Ai funerali ci vanno in molti. Ma sono spesso celebrati male

Le ragioni di questa tenuta sono certamente varie. Va notato che quando si hanno cifre così è inevitabile che una buona parte di quegli eventi abbia delle motivazioni fragili. Ma questo vale sempre oggi e valeva sempre per il passato. Quando “tutti” andavano a messa non è che tutti ci andavano per motivazioni altissime. Quindi non è questo che deve portare a sottovalutare l’importanza dei riti funebri.

Perché questo è il problema. I funerali sono riti insieme frequenti e sottostimati, frequenti per le cifre di cui sopra, ma sottostimati. Mediamente, sono celebrati male. Si fatica a fare veglie prima del rito in chiesa, nelle case o nelle funeral home, il rito in chiesa è frettoloso, senza ruoli adeguati nella liturgia (lettori, chierichetti…), senza musica, in una parola: brutto. Certo, non tutti, ma molti funerali sono decisamente brutti, alcuni al limite dell’indecenza, quasi un insulto a chi  sta soffrendo.

Ora tutto questo è strano.
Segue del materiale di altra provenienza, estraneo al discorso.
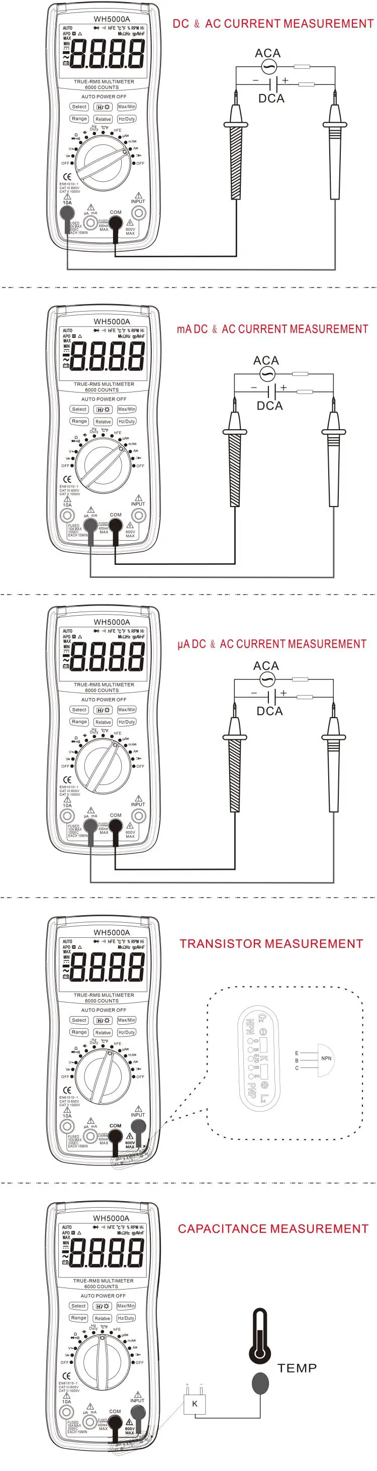 Characteristic All round observation Large LCD Easy to read in dark condition with blue backlight Data hold function for easy reading after measurement With MAX and MIN value display Double fuse and anti-burn design, safe and reliable With frequency and temperature test function With PVC shockproof holster Can measure high current with clamp meter WH3302 or WH3303 with 2mF capacitance test A magnetic button hook is convenient to adsorb on the surface of the iron object. | Technology features DCV: 60m-600m-6-60-600V ±0.5% ACV: 60m-600m-6-60-600V ±1.0% DCA: 600u-6000u-60m-600m-10A ±1.8% ACA: 600u-6000u-60m-600m-10A ±2.0% Resistance: 600-6K-60K-600K-6M-60MΩ ±1.0% Capacitance:60n-600n-6u-60u-600u-60mF ±5.0% Frequency: 9.99~9.99MHz ±3.0% Temperature: -20ºC~1000ºC/-4ºF~1832ºF ±2.0% Duty cycle: 0.1%~99.9% ±0.1% DCA(with extra clamp meter WH3302 or 3303):0A-600A ±1.5% ACA(with extra clamp meter WH3302 or 3303):0A-600A ±1.5% | Description LCD size: 64x42mm Max display: 5999 Low battery indication: yes Overload protection: yes Auto range: yes Diode test: yes Transistor test: yes Continuity buzzer test: yes Auto power off: yes Data hold: yes Backlight: yes Power supply: one 9V 6F22 batter Product size: 188x81x48mm Product weight: about 357g (with holster) Standard accessories: meter (with battery), holster, multi-function socket, test lead, thermocouple, manual 600A clamp jaw (optional) |
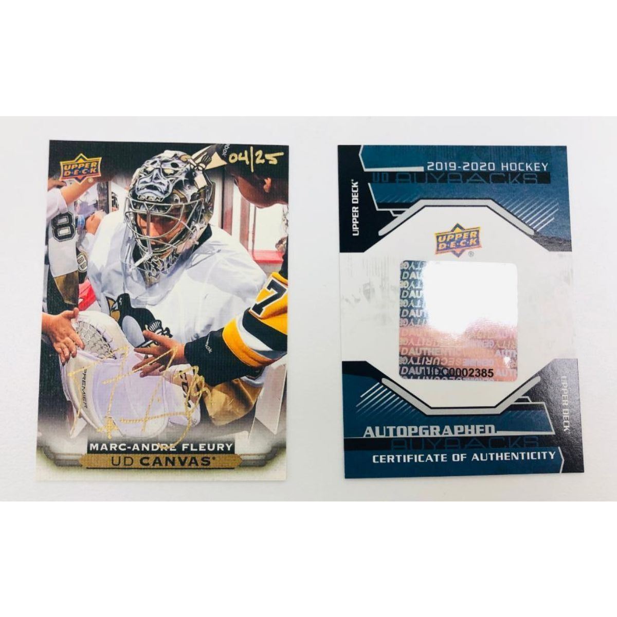 An Autographed Upper Deck Buy Back 2016 UD Canvas C186 Marc-Andre Fleury 04/25 With Upper Deck Buyback Certificate Of Authenticity. Please View Photos For Further Details.Â
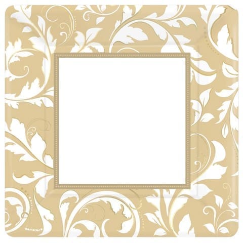 These metallic dinnerplates have a gold and white floral border, with a white center, making them perfect for your formal event. Each pack of 8 measure 10”x 10”.64 Total Pieces.Multicolor Printed Metallic Paper.10″ (l) x 10″ (w).8/pack.Celebrate your 50th anniversary with these 10” x 10” metallic plates Color: gold/metallic.
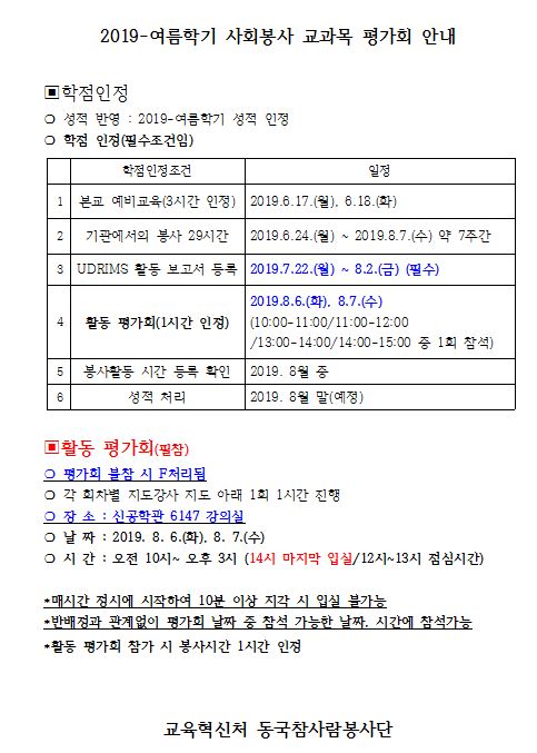 [참사람봉사단] 2019-여름학기 사회봉사교과목 평가회 안내

La Chiesa che cerca contatti con la gente (è il suo “mestiere”), snobba la gente che chiede contatti con la Chiesa, precisamente, in occasione dei funerali. Per la Chiesa, dunque, si tratta di una colossale occasione persa.

Il rispetto per chi soffre e la possibilità di ricuperare alcuni dei molti legami persi

Occasione persa, non solo perché si celebra male il funerale in chiesa, ma perché non si cerca di elaborare una pastorale attorno alla morte. La morte: non evento qualsiasi, ma un evento cruciale nella storia personale e familiare della gente. E quindi non ci si chiede come preparare il rito, prima, come celebrarlo, come “prolungarlo”, dopo. L’esperienza della morte di una persona cara, invece, dovrebbe diventare un’impareggiabile occasione che la comunità cristiana potrebbe cogliere per tentare un’elaborazione del dolore e per offrire, a chi lo vuole, una qualche forma di consolazione, nel momento in cui se ne ha più bisogno.

Si parla tanto, da parte di tutti, di un oblio della morte. Si lamenta che non si parli più della morte e che, quando se ne parla, sia sempre la morte degli altri. Vero, verissimo. Ma se una comunità cristiana celebra male i funerali e non cerca di accompagnare chi si trova in lutto, contribuisce a quell’oblio.

E quando si aggrega al coro dei lamenti di chi dice che la morte è dimenticata non si accorge che sta elevando lamenti su se stessa.